But if corporations are a precursor to our transcendance, the Singularitarian view that with more computing and bio-hacking we will somehow solve all of the world's problems or that the Singularity will solve us seems hopelessly naive. As we dream of the day when we have enhanced brains and amortality and can think big, long thoughts, corporations already have a kind of "amortality." They persist as long as they are solvent and they are more than a sum of their parts--arguably an amortal super-intelligence.

More computation does not makes us more "intelligent," only more computationally powerful.

For Singularity to have a positive outcome requires a belief that, given enough power, the system will somehow figure out how to regulate itself. The final outcome would be so complex that while we humans couldn't understand it now, "it" would understand and "solve" itself. Some believe in something that looks a bit like the former Soviet Union's master planning but with full information and unlimited power. Others have a more sophisticated view of a distributed system, but at some level, all Singularitarians believe that with enough power and control, the world is "tamable." Not all who believe in Singularity worship it as a positive transcendence bringing immortality and abundance, but they do believe that a judgment day is coming when all curves go vertical.

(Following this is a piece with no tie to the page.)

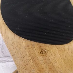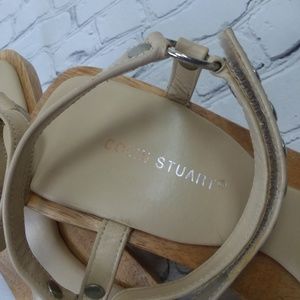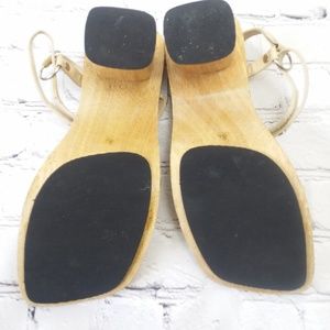 Colin Stuart size 8.5 beige high chunky block heel, wooden sole, small platform, %100 real genuine leather, silver studs on velcro ankle strap, slightly square squared off toe, black skid no slip soles- amazing craftmanship, soft leather and so cute! 70's inspired retro, clogs mules style, very vintage looking.

Whether you are on an S-curve or a bell curve, the beginning of the slope looks a lot like an exponential curve. An exponential curve to systems dynamics people shows self-reinforcement, i.e., a positive feedback curve without limits. Maybe this is what excites Singularitarians and scares systems people. Most people outside the singularity bubble believe in S-curves, namely that nature adapts and self-regulates and that even pandemics will run their course. Pandemics may cause an extinction event, but growth will slow and things will adapt. They may not be in the same state, and a phase change could occur, but the notion of Singularity--especially as some sort of savior or judgment day that will allow us to transcend the messy, mortal suffering of our human existence--is fundamentally a flawed one.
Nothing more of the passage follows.